Over 5,000 applications have been written in Progress by Independent Software Vendors (ISVs). All of these applications could potentially use Linux as a back-end server, and many, if not most, provide a character interface which would allow Linux to serve as a client as well.
If you are not familiar with it, Progress is an enterprise-level relational database and 4GL development environment which has been running on UNIX systems for 15 years. It supports a wide variety of operating systems, including servers for NT, AIX, HP/UX, Solaris, Compaq Tru64 UNIX and many other popular platforms. It also supports character clients on UNIX plus character or graphical MS-Windows clients.
Version 8.3 of the database engine, the first version to be ported, can store half a terabyte of data in a database. (Of course, if that's not enough, you can connect to a couple of hundred databases simultaneously.) Also, each database can handle up to 4,000 simultaneous user connections. Version 9, which will be ported shortly after 8.3, supports 1000 times the data and up to 10,000 users.
One of the nice things about Progress, in my opinion, is that it also scales down. If you want to run single-user on a low-end 486, you can. Database size can go down to less than a megabyte. Running a single-user session, or serving a handful of users on a small application remotely, can fit nicely in a 16MB Linux machine. Try running Oracle on NT and see what kind of power you need to get the same job done.
Where does Linux fit into a Progress deployment? In order to answer that, you need to know something about Progress' architecture.

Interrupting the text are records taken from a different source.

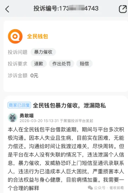 当借款逾期遇上失业、疾病、投资失利,暂时无力偿还的借款人,本应得到合理协商与合规催收,却频频遭遇爆通讯录、威胁恐吓、泄露隐私的暴力催收。2026 年 3 月,黑猫投诉平台集中出现多起针对全民钱包的暴力催收投诉,涉事主体广州市全民钱包科技有限公司,这家注册资本 2 亿元、规模超 380 人的科技企业,正深陷催收合规危机,引发公众对消费信贷行业催收底线的强烈质疑。
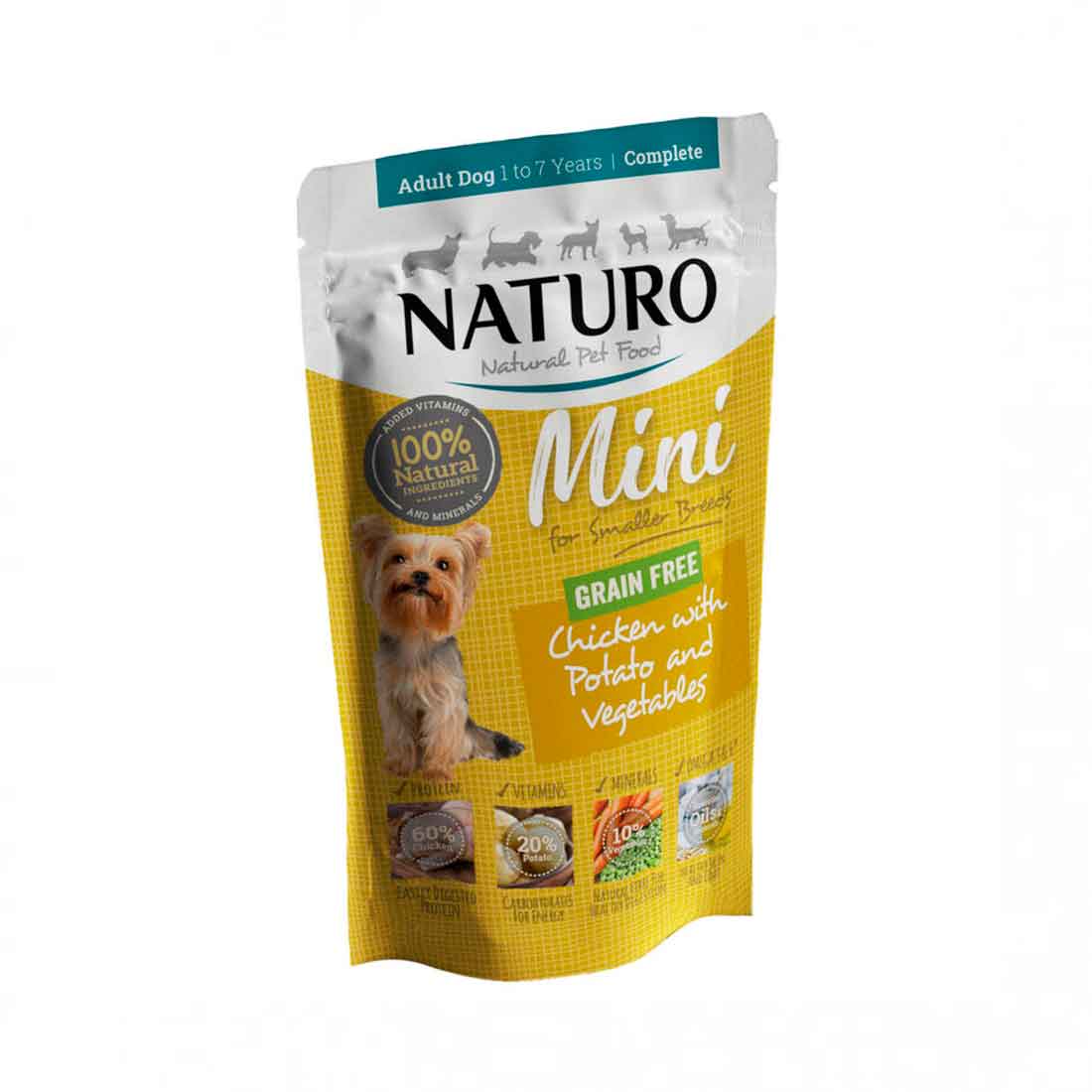 Naturo Dog Mini Adult Grain Free pollo/patatas en pouche, alimento 100% natural rico en carne de pollo (60%). Contiene también patatas (26%), vegetales, aceites y minerales. No contiene subproductos ni colorantes ni conservantes. Especialmente indicado para perros hipoalergénicos o con estómagos sensibles.
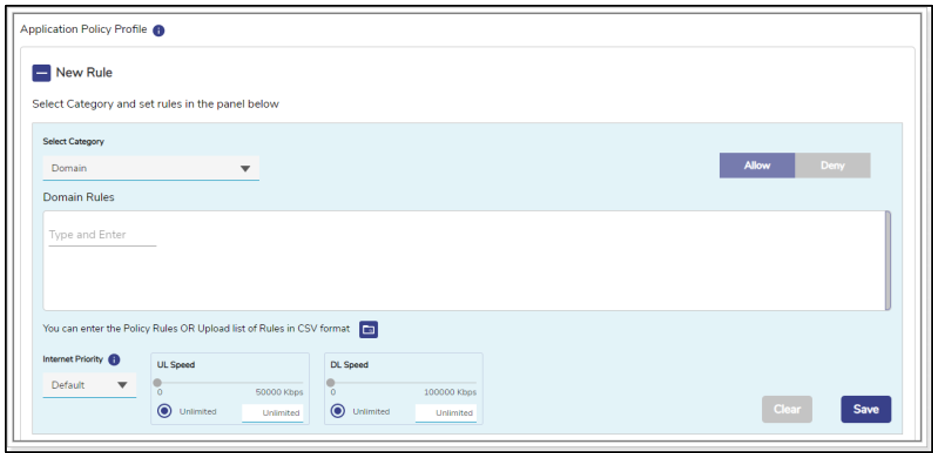 The allowed and blocked domain becomes available. If user selects the Domain Rule in the Select Category field, then the Domain Rules field becomes available. |
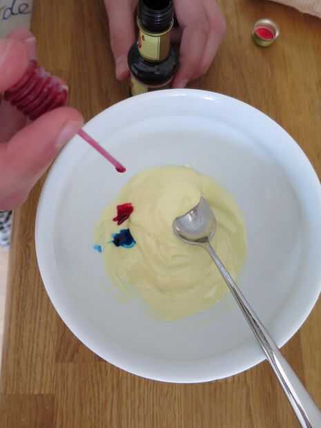 Derretir el chocolate blanco y colorante la mezcla.
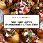 Keywords: vegan caprese bruschetta, vegan appetizer, vegan snack, Italian vegan recipes, vegan bruschetta, plant-based appetizer

Databases can be accessed in either single-user or multi-user mode. Single-user sessions give a single client process complete control of a database. Multi-user Progress sessions consist of three different types of processes: clients, servers and a broker process which manages database connections. Deployment architectures can be chosen to support a wide variety of business needs and available machinery.
A broker process runs on the machine containing the database. The broker manages client connection requests and allocates a shared memory area which is used by all the processes connecting to the database.
The client process is the one the user sees; it presents information to and accepts input from the terminal. A client may also run as a background process, in which case it is not associated with a terminal but is architecturally identical to a foreground client. Clients are of two types: self-service and remote. A self-service client runs on the same machine as the broker and the database, and handles its own database manipulation requests. A remote client uses the TCP/IP networking layer rather than connecting directly to the shared-memory area created by the broker. This allows the remote client to be on a different machine than the database. The broker spawns server processes to respond to remote client requests. Each server process can handle many simultaneous client connections. The remote client sends data retrieval and update requests to the server; the server executes the requests as though it were itself a self-service client, and sends the results back to the remote client.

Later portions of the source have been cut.